Omno, from German sole indie developer StudioInkyfox, is an atmospheric puzzle and exploration adventure game. This new platformer carries a hero through a range of beautiful landscapes, with a variety of animals and even a dinosaur to meet on the way. It was co-published by Future Friends Games.
So, did our writers find it a welcome escape, or more concept than substance? Let’s find out…

A still from the Omno game. The main character, a stylised figure in blue, is holding up a magic staff. The staff is emitting bright light and a big circular pulse of energy. There are trees and rocks in the distance.
Let the magic begin! (Credit: Inkyfox)

Jayne

Omno at first glance is the kind of game I enjoy. I have been calling myself a gamer since I was around 11 years old and I’ve developed a somewhat eclectic taste for what I will spend my time playing. 

I value story and meaning behind the actions you take. I like an art style that I can look at and feel wonder. Music that adds to the experience. Overall, as much as I will spend six hours a day playing The Sims, I also value games that want to take me far far away from my current reality and let me lose myself in something wildly different. 
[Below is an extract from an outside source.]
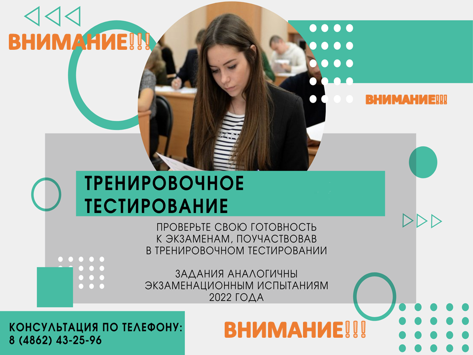 Обучающихся, пропустивших тренировочное тестирование в основные дни с 5 по 13 февраля 2022 года, просим зарегистрироваться для прохождения тестирования в резервные дни – 19 и 20 февраля 2022 года. Для регистрации необходимо позвонить в Региональный центр оценки качества образования по телефону 43 — 25 — 96 до 12.00 часов 18 февраля 2022 года.

Omno has that for me. Right off the bat there are beautiful landscapes for you to traverse, creatures for you to discover and learn about through a notebook system. I won’t lie, I did spend a startling amount of time chasing around Freglets and Shoobs. 

But there’s more to this than just the wonderful reimagining of the animal kingdom. While you hop from zone to zone, exploring various different ruins and landscapes, you come across notes that provide some explanation for what may be going on in cryptid snippets of someone’s journal. The words you find bring a jarring but fascinating sense of intensity to an otherwise risk-less game. I have not yet played enough to definitively have an answer on this looming storyline, but I know I will be going back to find out what darkness is lying beneath the surface of this otherwise very innocent appearing playing experience. 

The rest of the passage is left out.